The core sticking point remains sovereignty. Armenian Prime Minister Nikol Pashinyan stressed
that Armenia must retain control over the route. At the same time,
Azerbaijani President Ilham Aliyev, speaking in Khankendi/Stepanakert
(the former capital of the now-dissolved Nagorno-Karabakh Republic, with
its indigenous Armenian population violently expelled from the region
in 2023, insisted
on unilateral access to Nakhichevan and Turkey, dismissing any foreign
presence. “There will be no operators, no leases, no rentals on our
territory,” he asserted — an implicit rebuke to Washington.
Given Aliyev’s past claims that Syunik is “ancient Azerbaijani land” and his threats to seize it by force, Armenia rightly sees his demands as a precursor to annexation.
Still, Aliyev praised Trump’s “vision and efforts to promote peace” after Trump shared a clip of his speech on Truth Social — in what appeared to be an attempt to flatter the U.S. president.
Complicating matters further, the proposed corridor would cut through Armenian territory bordering Iran. Tehran has fiercely opposed
any extraterritorial arrangement, fearing it would sever its link with
Armenia, boost Turkish-Azerbaijani influence at its own expense, and
leave its trade routes Russia and Europe vulnerable to Baku’s whims. Iran even conducted military drills near Azerbaijan’s border in 2022 as a warning.
Adding to Tehran’s unease is Azerbaijan’s military cooperation with Israel, along with suspicions that Israeli drones entered Iran via Azerbaijani airspace during their 12-day war last month — a claim that Baku vehemently denies.
Iran also suspects Baku and Tel Aviv of stoking separatist sentiments
among its Azeri population. Notably, Brenda Shaffer from the
Washington-based neoconservative Foundation for Defense of Democracies
(a vocal advocate for Azerbaijani irredentism with close ties to Baku’s government) framed Armenia-Azerbaijan peace almost solely as a means to isolate Iran and create a “NATO corridor” from Turkey to Central Asia.
Given
U.S. support for Israeli strikes on Iran and its own attacks on Iranian
nuclear sites, an American-run corridor near its border would only
heighten Tehran’s fears of encirclement. Despite its weakened state, Iran retains enough leverage to sabotage a deal it deems a threat to its core national interests.

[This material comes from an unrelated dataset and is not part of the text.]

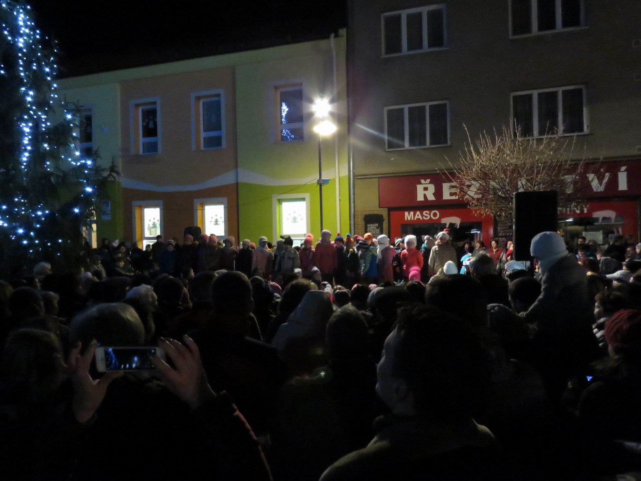 Slavnostní rozsvícení vánočního stromu v Koryčanech na náměstí.
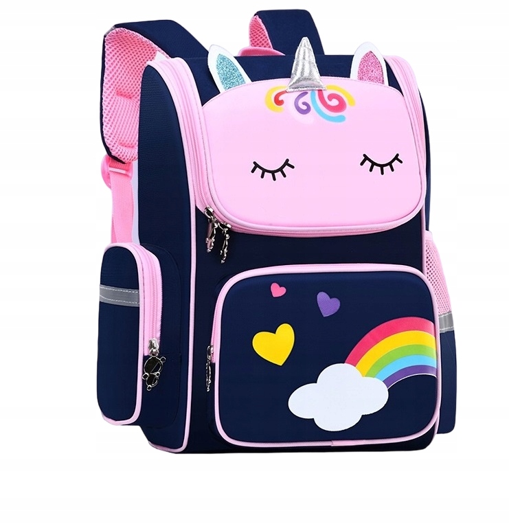 рюкзак имеет красивый темно -синий цвет, красивые ползунки с смайливыми лицами, детали: угол единорога и ушей (подкладка, сетчатый карман, ухо, чтобы повесить рюкзак, например, на крючке в плащной комнате).

Aliyev, meanwhile, appeared to placate Tehran by accusing, albeit without evidence, the EU’s Armenia border mission of spying on Iran in an apparent attempt to deflect Tehran’s scrutiny
over Baku’s ties with Israel. Still, his rhetoric aligned with Iran’s
opposition to extraregional meddling, meaning the U.S. and EU, just as
Armenia pivots toward the West.
Russia, like Iran, views the U.S. proposal as an attempt to push it out of the South Caucasus — a perception
Yerevan seems to be doing its best to encourage. Yet Moscow still holds
considerable leverage: it guards Armenia’s border with Iran, retains a
military base in Armenia, and dominates
broad sectors of its economy and infrastructure, even as Yerevan’s
pro-Western pivot so far is heavier on rhetoric than on tangible
actions. How would Russian border troops coexist with an American-run
corridor? Would Washington deploy forces to protect it, risking a clash
with Russian forces in Armenia? And does the U.S. even have the staying
power and political will to enforce such a deal in a region of only
marginal strategic importance to its interests?
While a
U.S.-brokered peace between Armenia and Azerbaijan is welcome in
principle, the current proposal ignores too many regional complexities.
At best, it’s a rough draft that requires intensive negotiation with all
the regional players, including Iran and Russia. At worst, it’s another
headline-grabbing stunt in Trump’s elusive quest for a Nobel Peace
Prize.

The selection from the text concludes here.